Além disso, a ausência de responsabilização das instituições foi somada a exclusão dos africanos e seus descendentes do incipiente mercado de trabalho, meio este que se tornaria vital para a mobilidade social. A maneira encontrada para garantir essa exclusão fora por meio principalmente de estereótipos que desqualificassem os negros de todas as formas, evocando o preconceito racial já existente na sociedade brasileira.
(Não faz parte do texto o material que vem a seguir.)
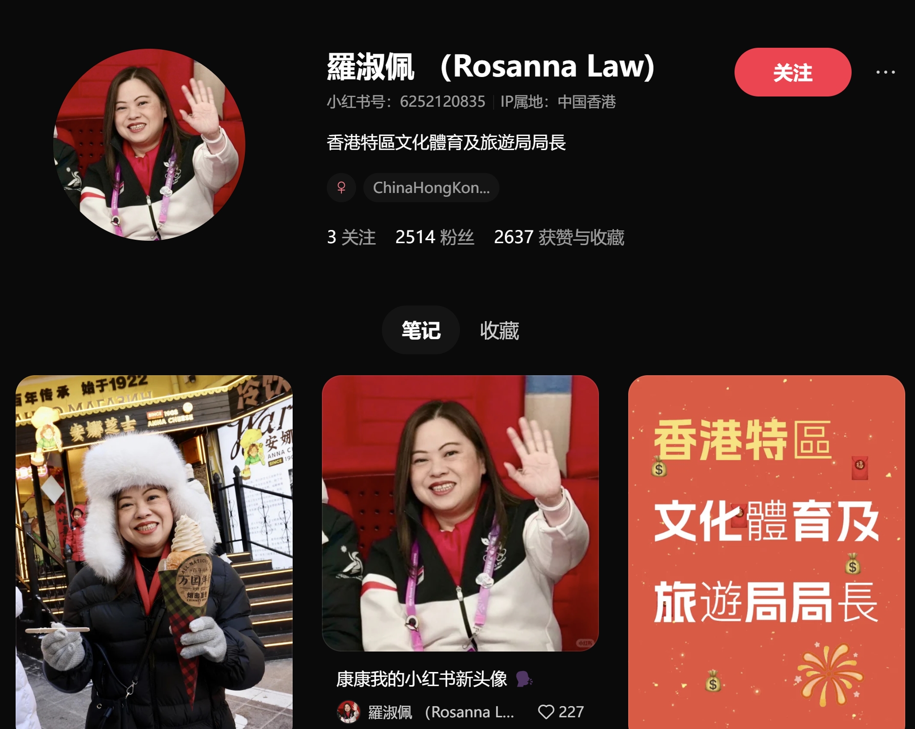 大公文匯全媒體報道,內地社交平台小紅書近年廣受網民歡迎,不少香港特區政府機構及官員亦紛紛「跟風」進駐。文化體育及旅遊局局長羅淑佩近日也成為小紅書「新晉成員」,雖然暫時只發了3則帖文,但也收穫了2637個讚好與收藏。
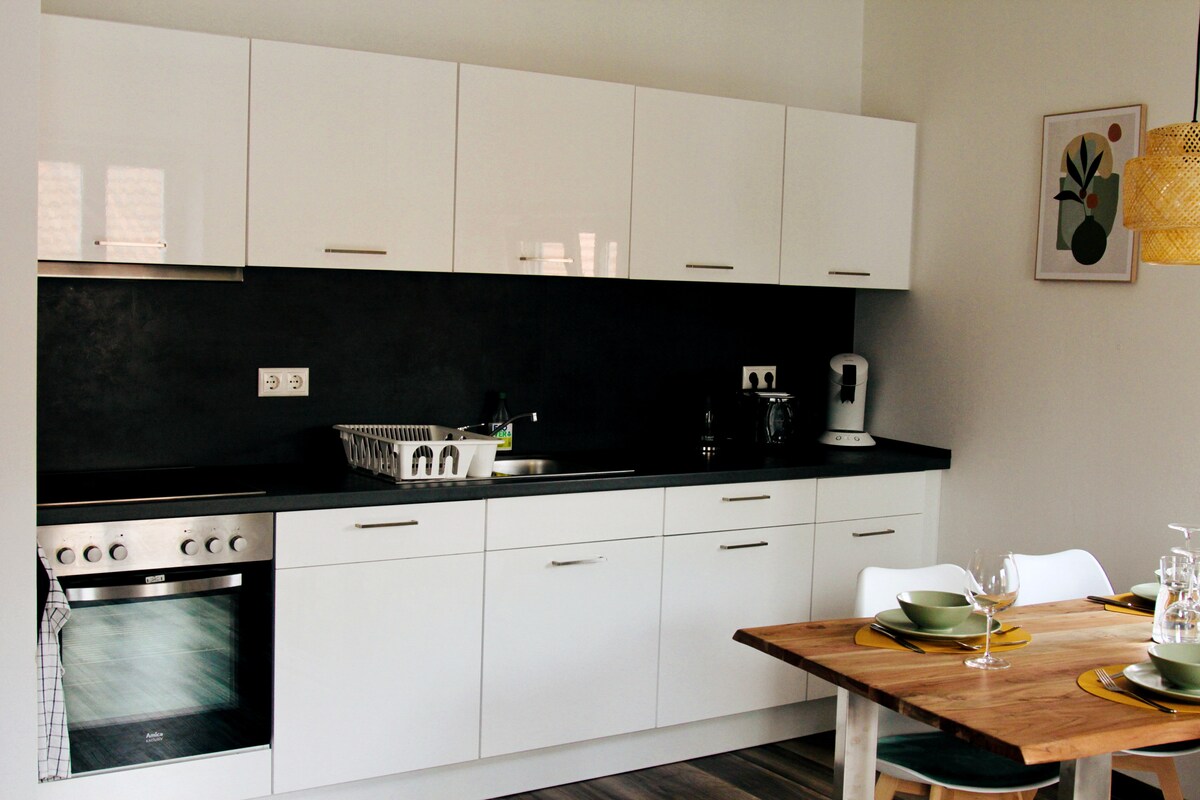 Your 80 square meter apartment has a bright living room with open kitchen, two bedrooms and a shower and tub bathroom. The apartment is centrally located on the promenade and you can enjoy a fantastic view of the city harbor and the castle from the balcony, which you can reach in a few minutes on foot. The nearby city center attracts with theaters, museums and many gastronomic facilities. Your car can be parked in the underground garage upon request. Heike and Dirk are looking forward to seeing you
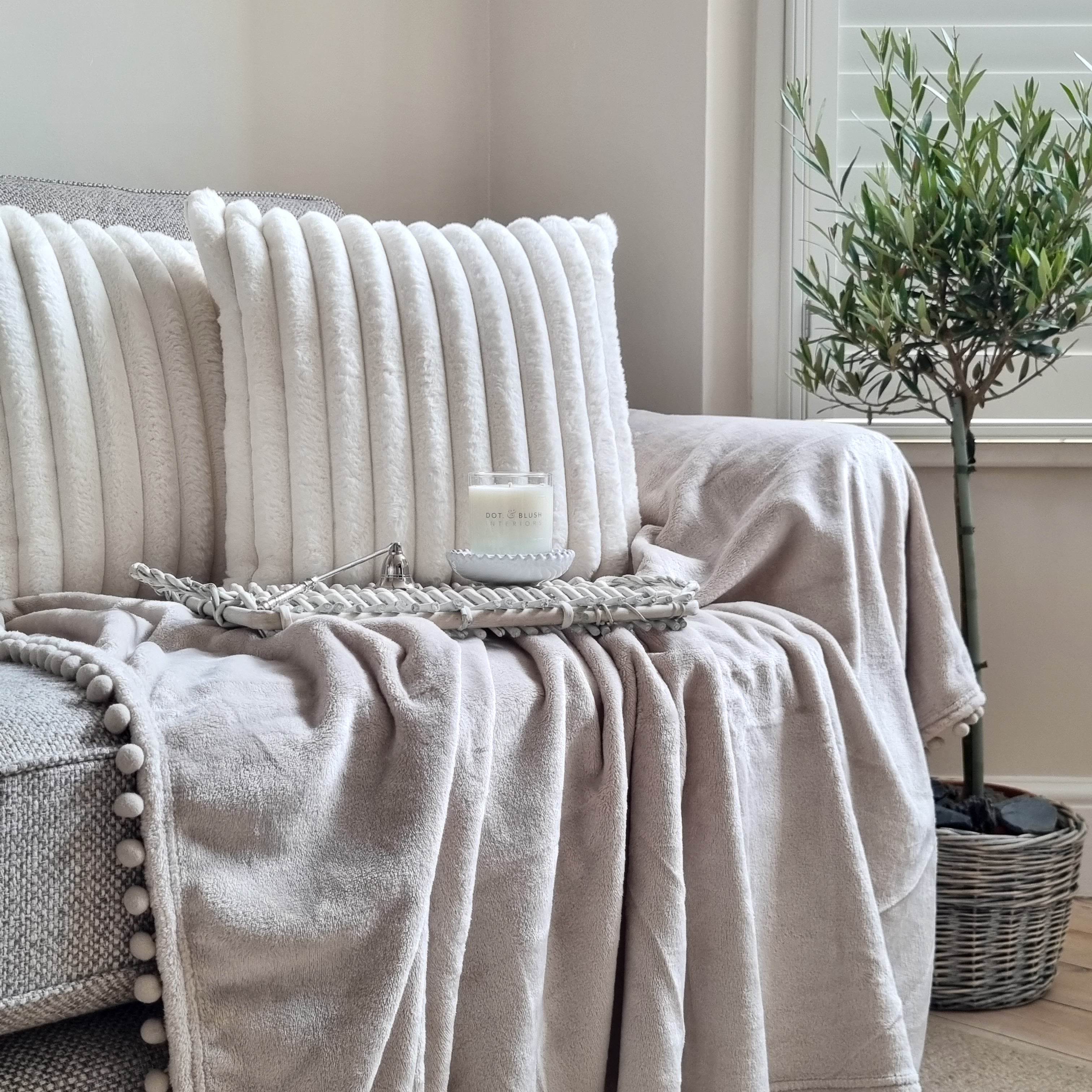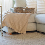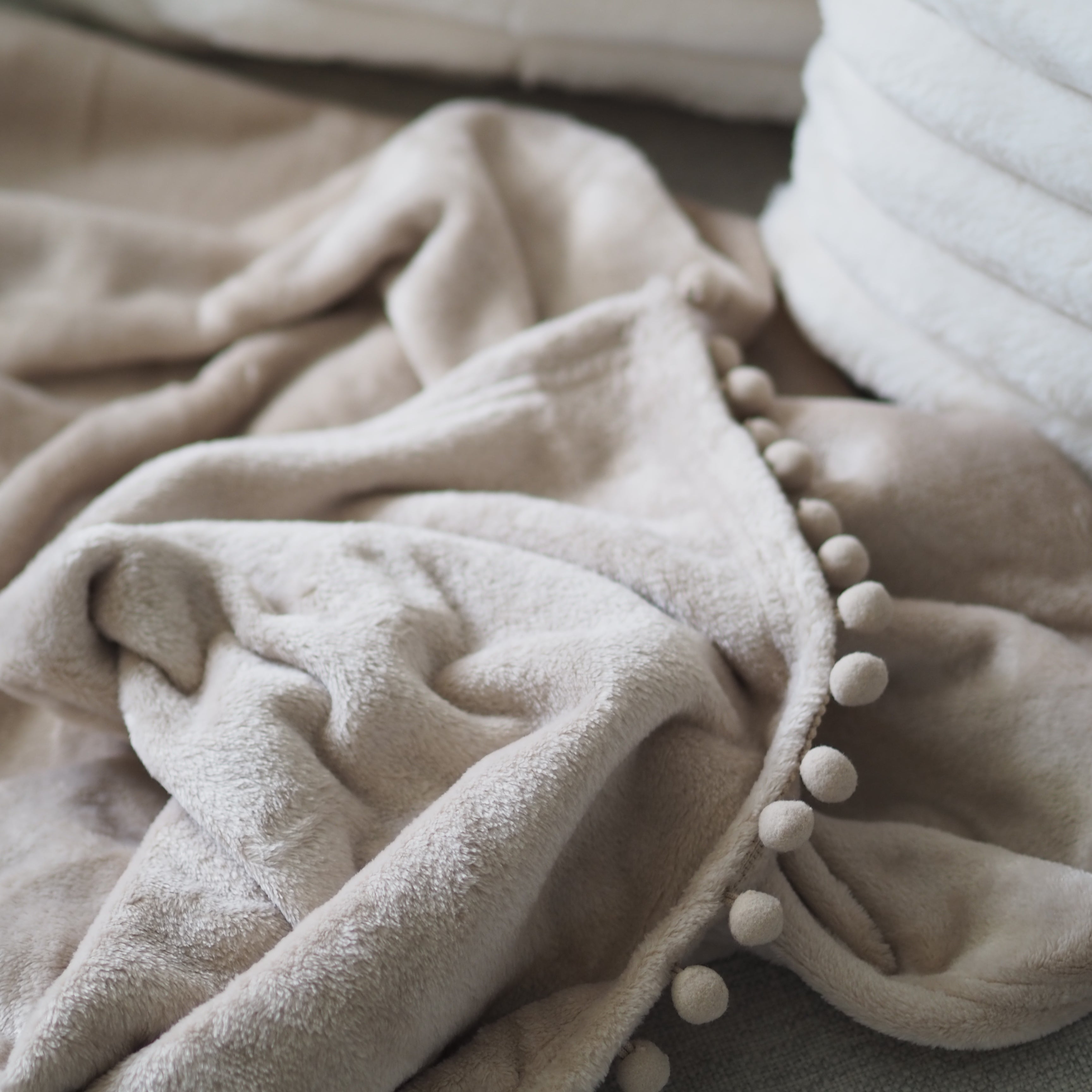 La manera perfecta de crear un ambiente acogedor en tu dormitorio o salón. El beige con toques de cachemira es el tono neutro perfecto para tu hogar. El bonito ribete trenzado con pompones le da un toque de glamour. Perfecto para tardes acogedoras.
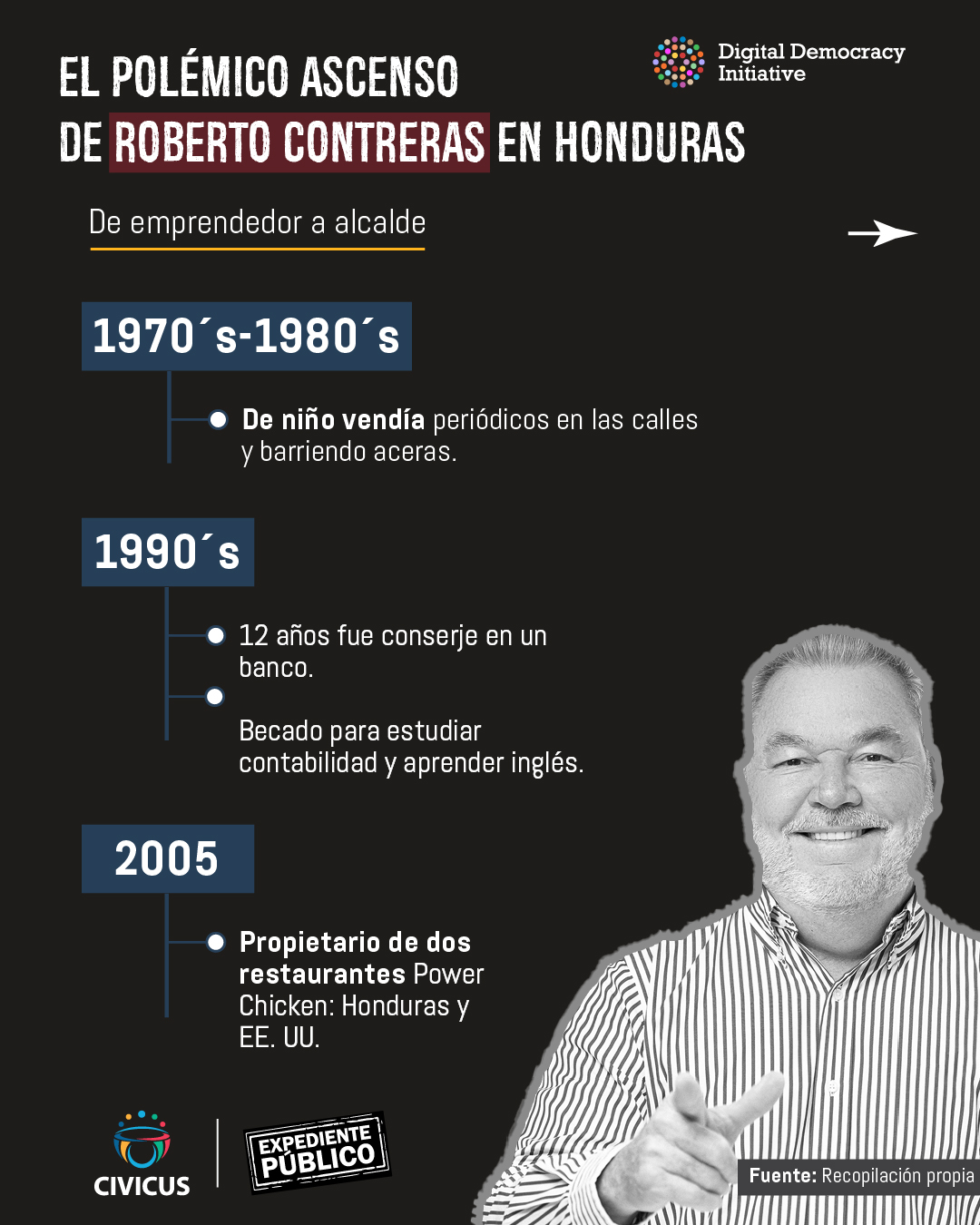 Contreras entró en la política hondureña a inicios de este siglo como un outsider, como un exitoso emprendedor que desafiaba el discurso gastado de los partidos tradicionales. Su principal credencial era su historia personal, la de un pobre que, a fuerza de trabajo y audacia empresarial, había alcanzado el éxito.

Como ressalta Moura:

(...) O preconceito de cor é assim dinamizado no contexto capitalista, os elementos não-brancos passam a ser estereotipados como indolentes, cachaceiros, não-persistentes no trabalho e, em contrapartida, por extensão, apresenta-se o trabalhador branco como o modelo do perseverante, honesto, de hábitos morigerados e tendências à poupança e à estabilidade no emprego (MOURA, 1988, p. 69).

O mito da incapacidade do negro para o trabalho se tornou um dos principais meios de marginalização dessa parte da população, levando à morte grande parte dos ex-escravos (MOURA, 1988). Somado a isso, as políticas de Estado facilitadoras da imigração são identificadas por diversos teóricos como uma política de embranquecimento. Nascimento ressalta que a entrada massiva de imigrantes no Brasil no fim do século XIX significava um limitador para o "crescimento da população negra de qualquer maneira" (NASCIMENTO, 1978, p. 70). O imigracionismo também fez parte de um projeto de modernização que visava o branqueamento da população nacional a fim de promover o esquecimento da degradação que a população negra representava, pois ela era o reflexo direto da escravidão (HASENBALG, 1979, p. 154).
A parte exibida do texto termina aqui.